Determination of Imipenem and Cilastatin in Medicinal Products by Micellar Electrokinetic Chromatography

Title:Determination of Imipenem and Cilastatin in Medicinal Products by Micellar Electrokinetic Chromatography

Volume: 13 Issue: 2

Author(s): Karpiuk Izabela, Michalska Katarzyna, Bukowska Bozena, Gruba Ewa and Tyski Stefan

Affiliation:

Keywords: Antibiotics, CE, cilastatin, imipenem, pharmaceutical analysis.

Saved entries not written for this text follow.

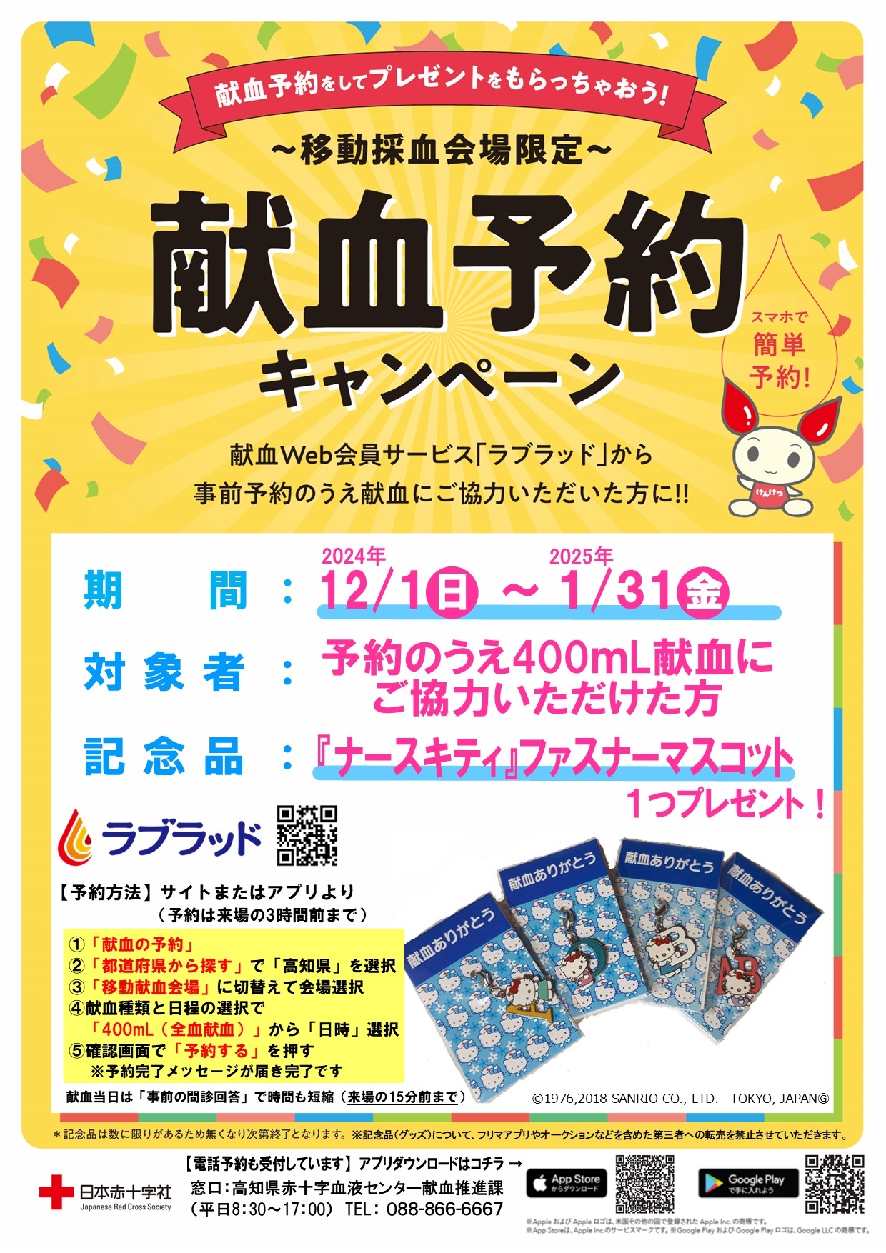 高知県内の献血バスでは、下記のとおり献血予約キャンペーンを実施中です。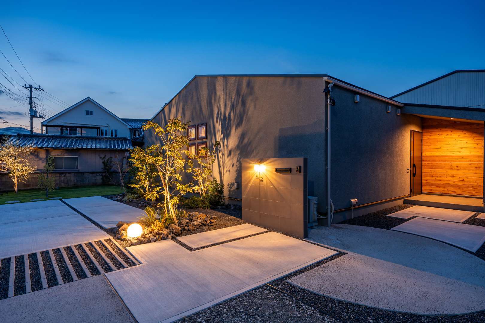 照明を取り入れることで、外構は “夜も楽しめる空間” に変わります。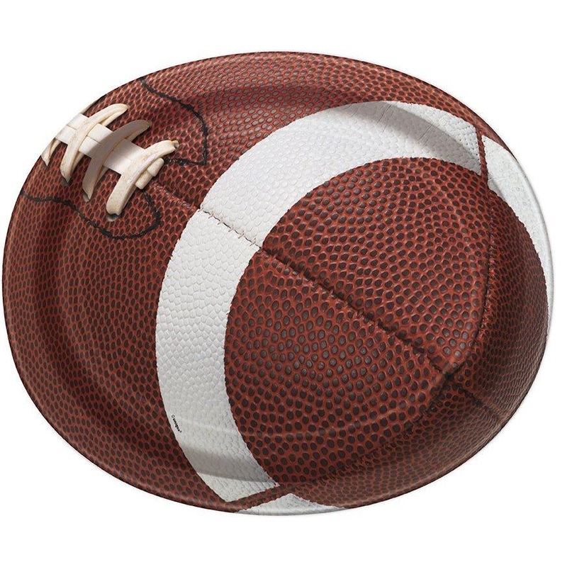Score a touchdown with these oval paper plates! Perfect for your football party, these 12 inch plates will hold all your game day snacks. Includes 8 plates for a winning celebration.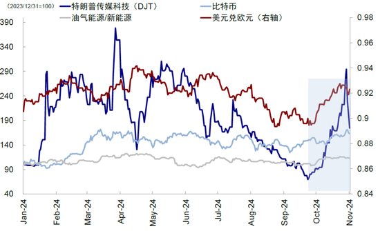 图表:美股、美债、美元、黄金、比特币和人民币汇率对特朗普胜选交易计入的相对较多,但铜、原油和中国出口链股票计入则相对较少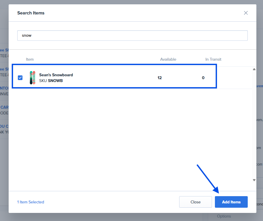 A pop up will then appear where you can search for and add the product. Once selected you will click Add items
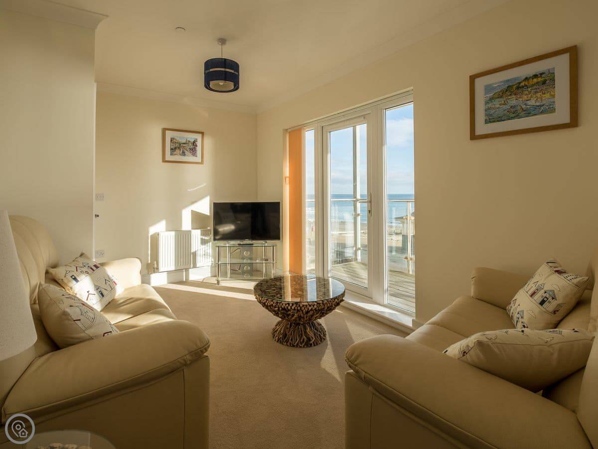 The living area is open plan. There's a balcony that looks out over the sea. You get a good view.

Abstract: Background: Imipenem, first member of the carbapenem class of β-lactams, is an antibiotic produced by Streptomyces cattleya. It is an N-formimidoyl derivative of thienamycin, co-administered with cilastatin, a specific and highly active dehydropeptidase I (DHP-I) inhibitor. Imipenem plays a key role in the treatment of infections not readily treated with other antibiotics, because of its high resistance to the β-lactamase enzymes produced by drug-resistant Gram-negative bacteria.

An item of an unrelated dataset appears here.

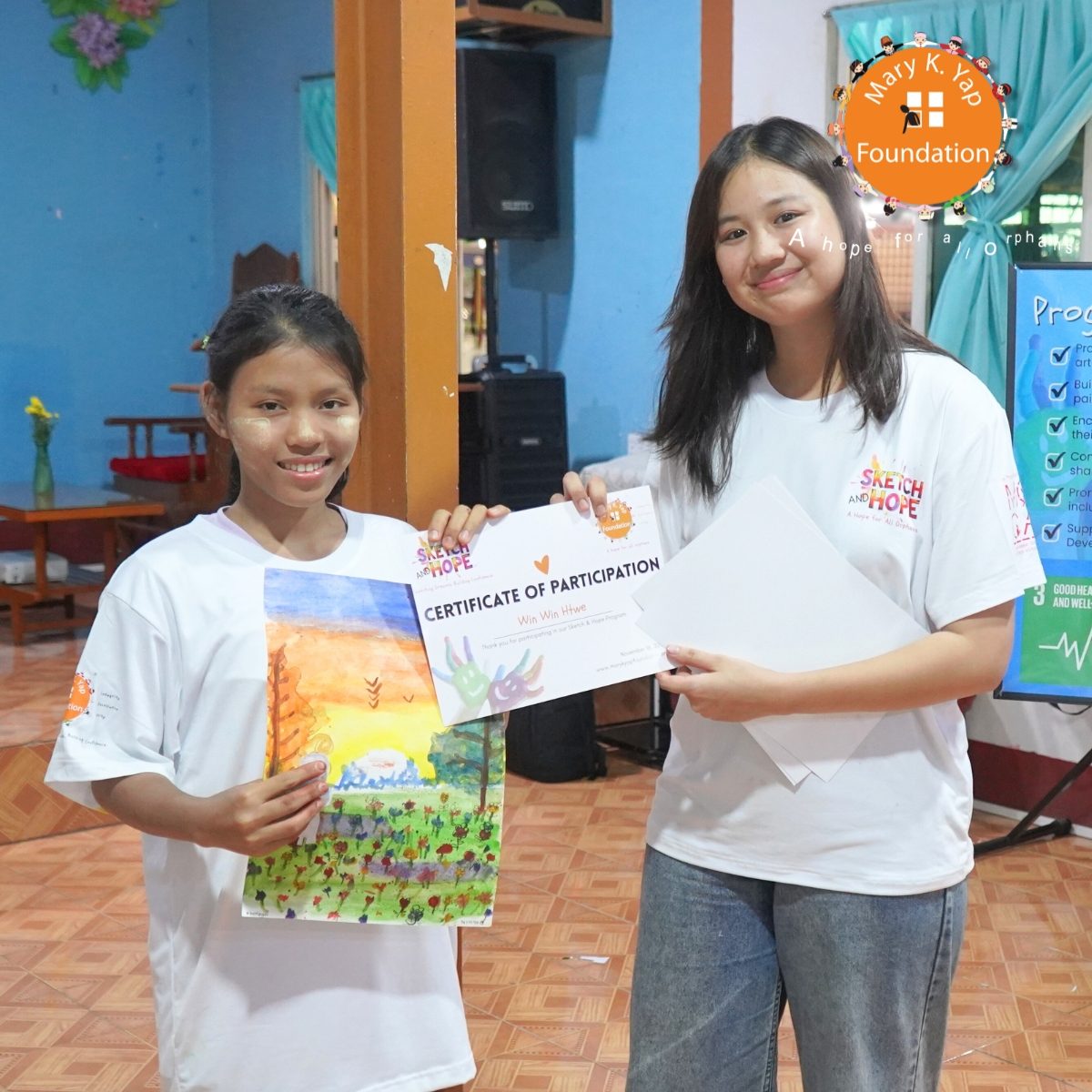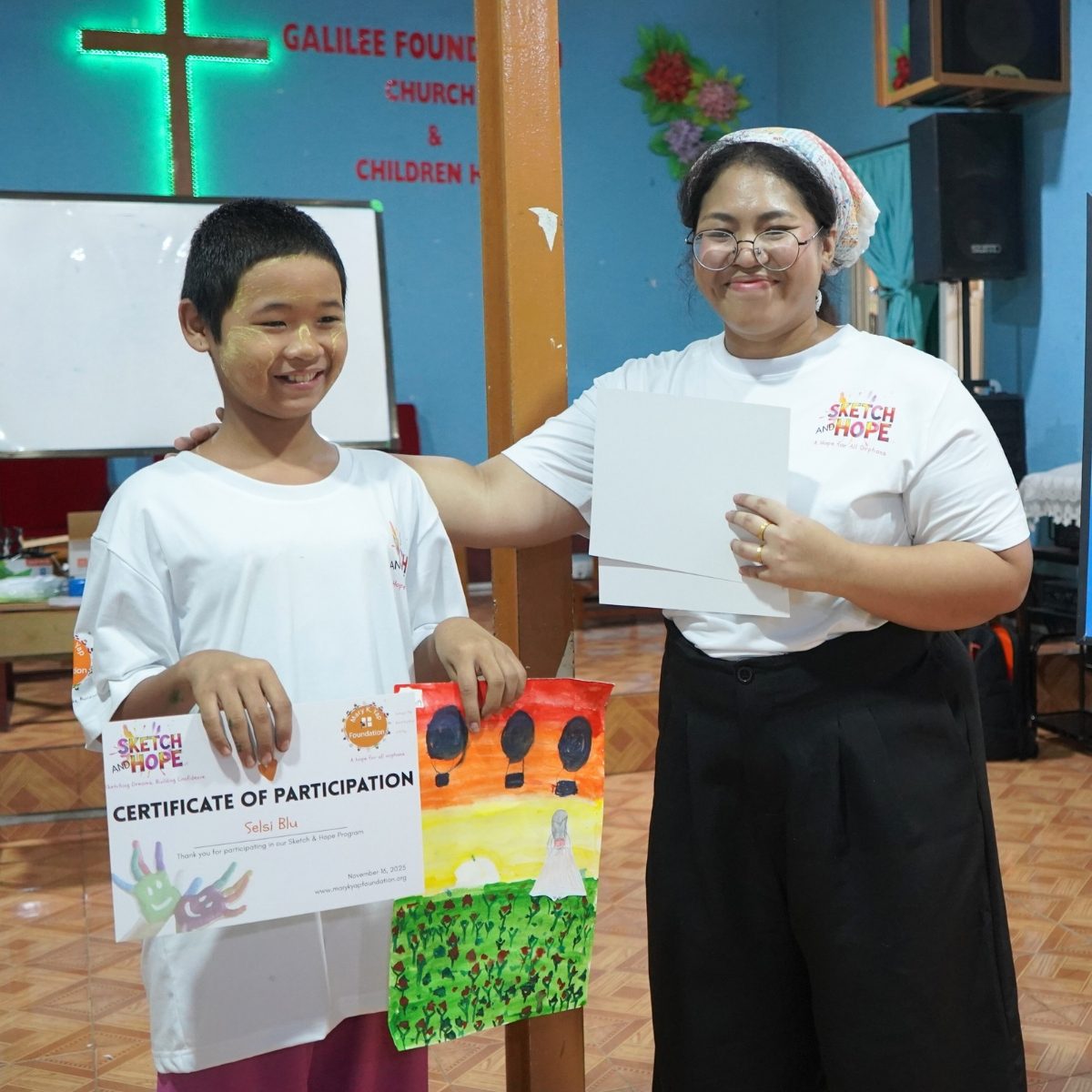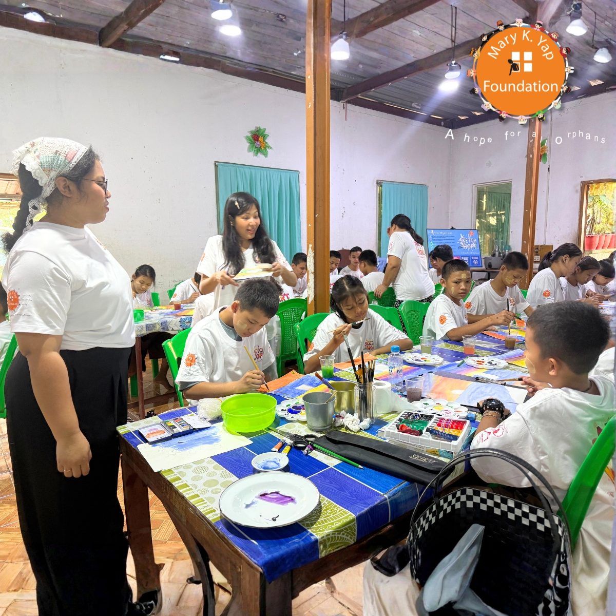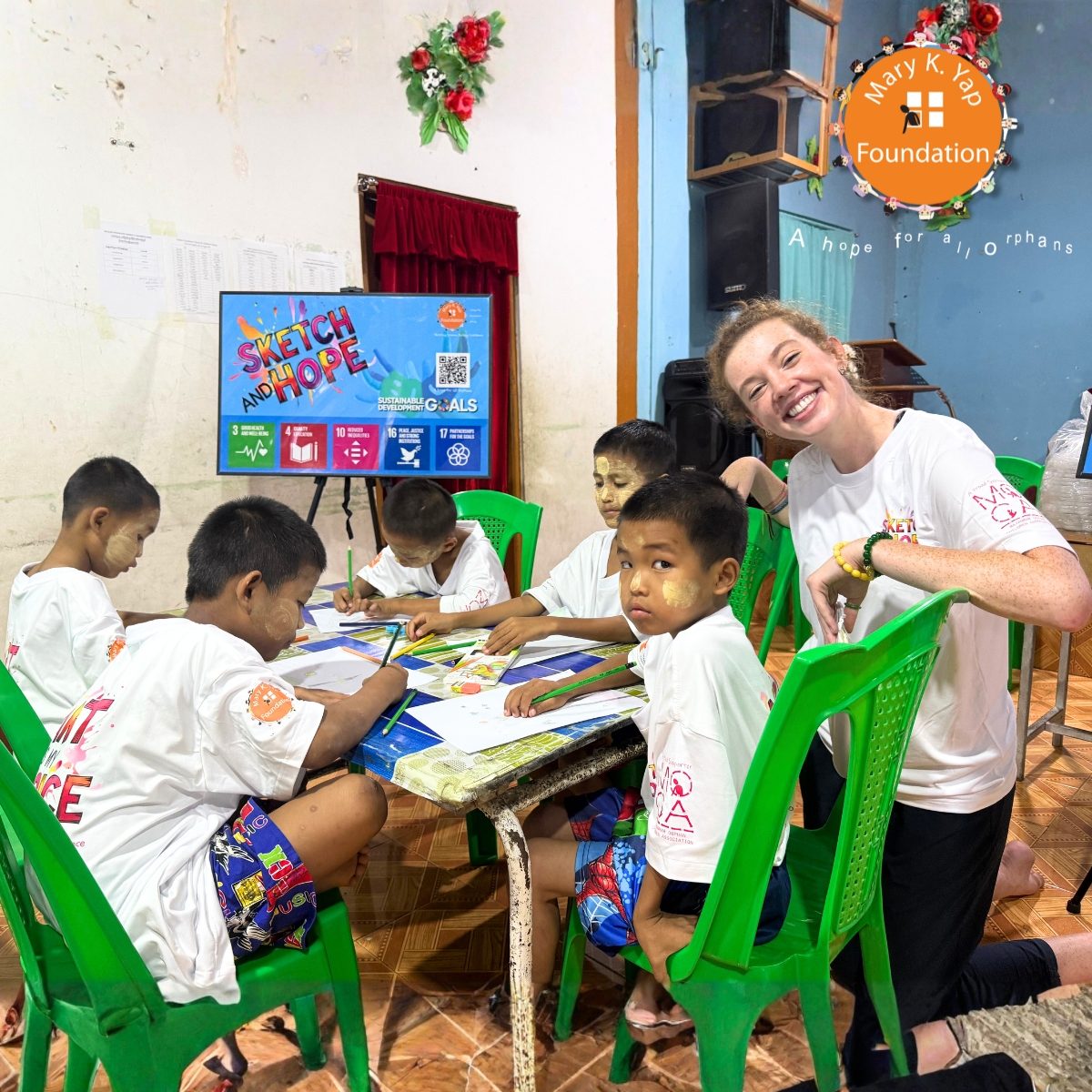On November 16, 2025, the Mary K. Yap Foundation proudly launched its first Sketch and Hope art program at the Galilee Foundation Church and Children’s Home for Orphan Youths in Shwe Pyi Thar, Myanmar—an inspiring milestone in our mission to empower orphaned children through education, creativity, and emotional development.

Methods: The elaborated method of micellar electrokinetic chromatography (MEKC) followed by UV absorption detection at 210 nm was used to separate imipenem and cilastatin from its related substances. The best results were obtained with borate buffer (25 mM) pH 9.2 and sodium dodecyl sulphate (75 mM). Uncoated capillary (60/50cm; 75μm I.D.) with normal polarity and voltage values of 25 kV, were used throughout the investigation. The optimised method of imipenem and cilastatin determination was validated in terms of linearity, accuracy and precision, and provides a detection limit of 0.4 μg/mL and 0.2 μg/mL at S/N=3 for imipenem and cilastatin, respectively.

Results: The repeatability of the method, expressed by relative standard deviations (RSD) in the migration times, reached 0.60% and 0.78% for imipenem and cilastatin, respectively, whereas for the corrected peak areas RSD were 1.14% and 1.02%, accordingly. Satisfactory separation of analyzed compounds was achieved within 7 minutes of electrophoresis.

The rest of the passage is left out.